Acara ini dihadiri Wakil Ketua Komisi III DPRD Kabupaten Kotawaringin Timur, Kepala Kejaksaan Negeri Kotawaringin Timur, Kepala Dinas Sosial Kabupaten Kotawaringin Timur, Kepala Balai Latihan Kerja Kotawaringin Timur, camat, lurah, serta mitra kerja dari Kelompok Masyarakat Peduli Pemasyarakatan (Pokmas Lipas) dan organisasi masyarakat.
Dalam sambutannya, Murdiana menekankan bahwa Griya Abhipraya Bajakah harus berfungsi sebagai pusat layanan yang terbuka, profesional, dan kolaboratif.
“Tentunya pengukuhan Tim Griya Abhipraya Bajakah ini bukan sekedar seremonial, melainkan sebuah langkah strategis untuk memperkuat peran pemasyarakatan dalam mendampingi dan memberdayakan klien. Kami ingin memastikan bahwa setiap klien Pemasyarakatan memiliki kesempatan yang sama untuk memperbaiki diri, mandiri, dan kembali diterima di masyarakat,” tegasnya.
Ia juga mendorong keterlibatan aktif semua pihak dalam mendukung program pembinaan dan pemberdayaan klien.
“Kunci keberhasilan Pemasyarakatan ada pada sinergi. Tanpa dukungan pemerintah daerah, aparat penegak hukum, tokoh masyarakat, maupun kelompok peduli pemasyarakatan, proses reintegrasi sosial tidak akan berjalan optimal. Oleh karena itu, kami berharap Tim Griya Abhipraya Bajakah ini menjadi contoh nyata bagaimana kolaborasi dapat menghasilkan perubahan yang positif,” ujar Murdiana.
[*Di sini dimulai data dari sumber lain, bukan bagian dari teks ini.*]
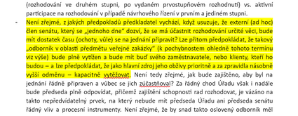 Za zmínění stojí i připomínka ÚOHS (viz níže) vztahující se k externím členům senátu, ve které Úřad vznáší obavy nad tím, že by externí člen senátu nemusel mít na tuto roli čas, protože bude mít vlastní zaměstnání, které ho bude plně zaměstnávat. To je ze strany ÚOHS zvláštní kritika, protože přesně takto dnes fungují členové rozkladových komisí Úřadu, kteří jsou externisté a svou funkci vykonávají typicky vedle jiné práce na plný úvazek. ÚOHS tak podkopová svou obhajobu stávajícího systému.

Pengukuhan tim yang terdiri dari petugas Bapas Sampit ini dirangkaikan dengan pemotongan pita ruang sekretariat Griya Abhipraya Bajakah, pembukaan kegiatan bimbingan kemandirian, serta penyematan tanda peserta secara simbolis.
Griya Abhipraya “Bajakah” sendiri disiapkan sebagai wadah pembinaan dan pemberdayaan klien pemasyarakatan, mulai dari pengembangan kemandirian, pelatihan kerja, hingga pembinaan mental dan sosial. Kehadiran tim ini diharapkan dapat mendukung proses reintegrasi sosial sehingga klien mampu kembali berkontribusi positif di tengah masyarakat.